## [INSTRUCTIONS TO FOLLOW]
What needs reproducing is the run of lines in the data below starting at the line with "總體來看,《九民紀要》主要是" and ending at the line with "持って入ったとされる伝説のお", both ends included. Copy it exactly, without pictures, and add nothing.

## [INFORMATION GIVEN]

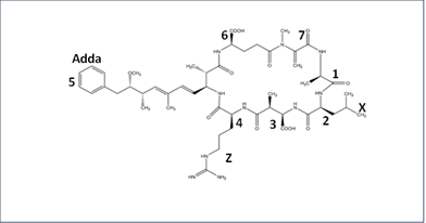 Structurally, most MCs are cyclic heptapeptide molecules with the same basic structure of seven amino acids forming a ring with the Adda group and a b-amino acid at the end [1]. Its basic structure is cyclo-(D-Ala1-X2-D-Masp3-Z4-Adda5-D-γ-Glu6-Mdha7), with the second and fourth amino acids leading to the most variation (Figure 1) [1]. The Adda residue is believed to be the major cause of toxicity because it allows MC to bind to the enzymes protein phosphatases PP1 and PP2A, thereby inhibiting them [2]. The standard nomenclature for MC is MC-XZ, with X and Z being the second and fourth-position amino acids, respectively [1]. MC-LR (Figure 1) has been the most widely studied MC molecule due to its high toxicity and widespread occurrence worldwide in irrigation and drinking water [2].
* * *
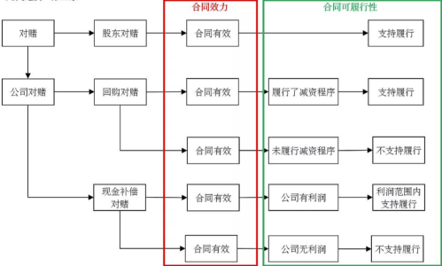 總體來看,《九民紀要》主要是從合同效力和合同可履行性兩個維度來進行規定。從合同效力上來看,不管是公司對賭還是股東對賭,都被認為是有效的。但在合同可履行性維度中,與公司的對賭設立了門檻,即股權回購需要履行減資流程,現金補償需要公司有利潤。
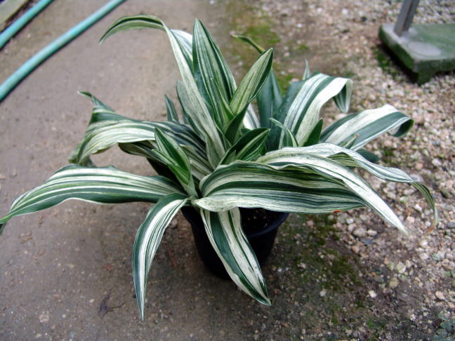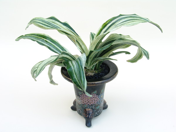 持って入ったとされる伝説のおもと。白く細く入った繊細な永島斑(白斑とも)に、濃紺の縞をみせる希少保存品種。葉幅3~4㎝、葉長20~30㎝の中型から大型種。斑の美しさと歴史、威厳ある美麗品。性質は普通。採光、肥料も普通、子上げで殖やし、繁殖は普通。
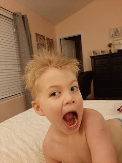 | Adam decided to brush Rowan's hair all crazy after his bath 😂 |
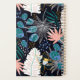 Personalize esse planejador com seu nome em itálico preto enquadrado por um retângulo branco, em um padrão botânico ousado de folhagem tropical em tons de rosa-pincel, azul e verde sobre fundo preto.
==
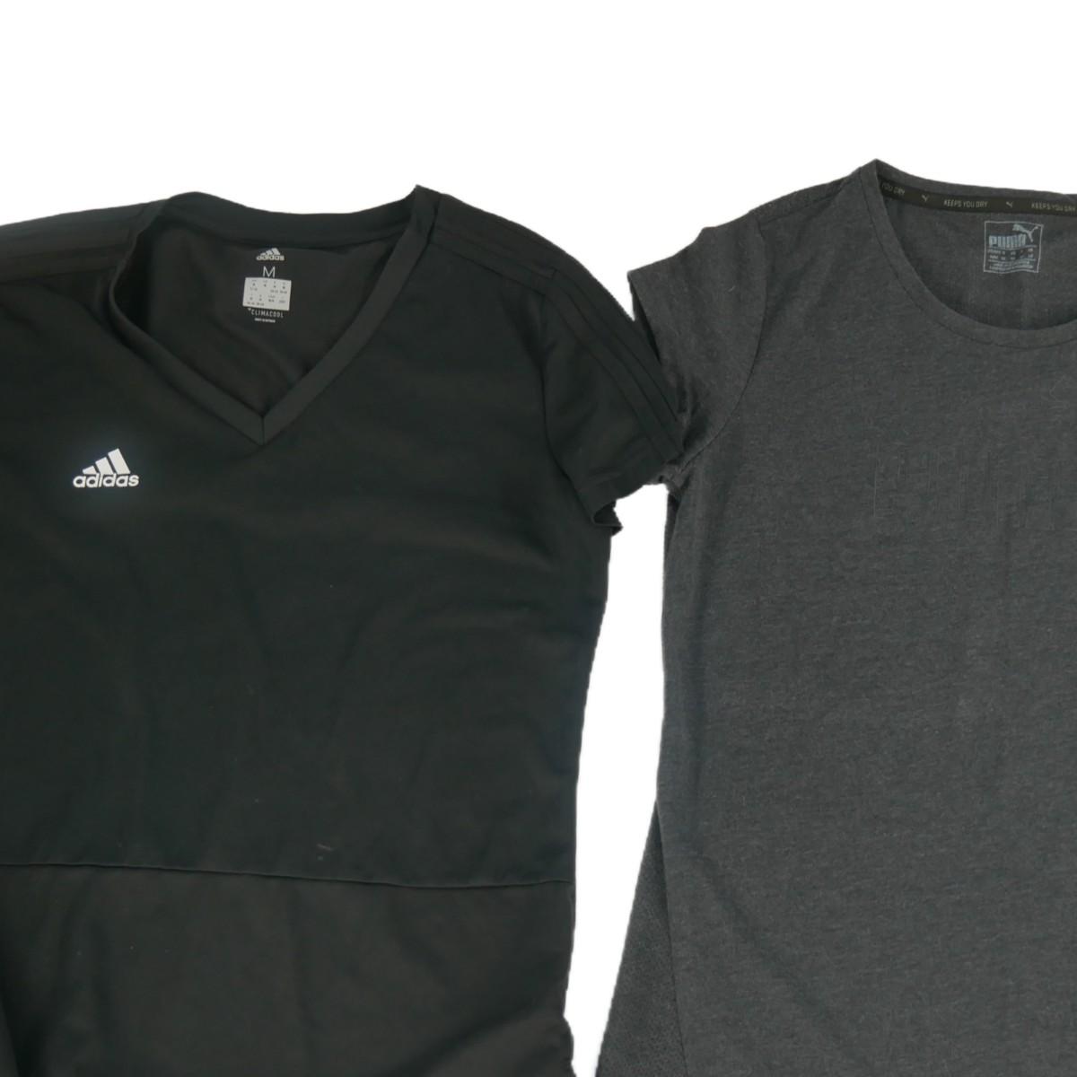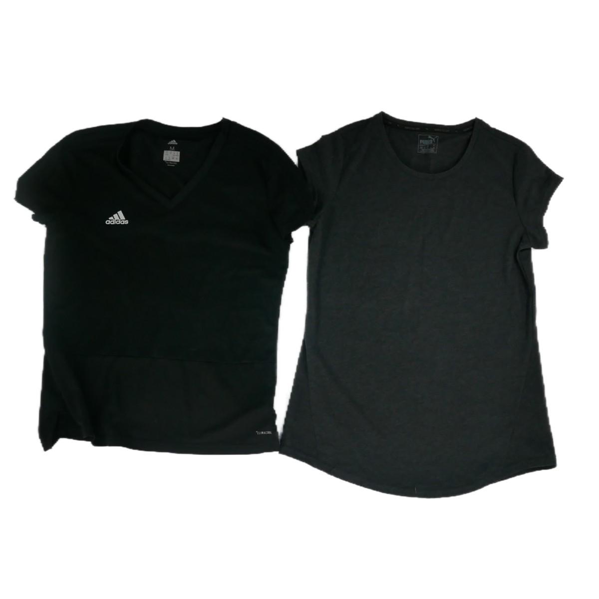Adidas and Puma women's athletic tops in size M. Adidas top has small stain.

## [ANSWER BELOW]
 總體來看,《九民紀要》主要是從合同效力和合同可履行性兩個維度來進行規定。從合同效力上來看,不管是公司對賭還是股東對賭,都被認為是有效的。但在合同可履行性維度中,與公司的對賭設立了門檻,即股權回購需要履行減資流程,現金補償需要公司有利潤。
 持って入ったとされる伝説のおもと。白く細く入った繊細な永島斑(白斑とも)に、濃紺の縞をみせる希少保存品種。葉幅3~4㎝、葉長20~30㎝の中型から大型種。斑の美しさと歴史、威厳ある美麗品。性質は普通。採光、肥料も普通、子上げで殖やし、繁殖は普通。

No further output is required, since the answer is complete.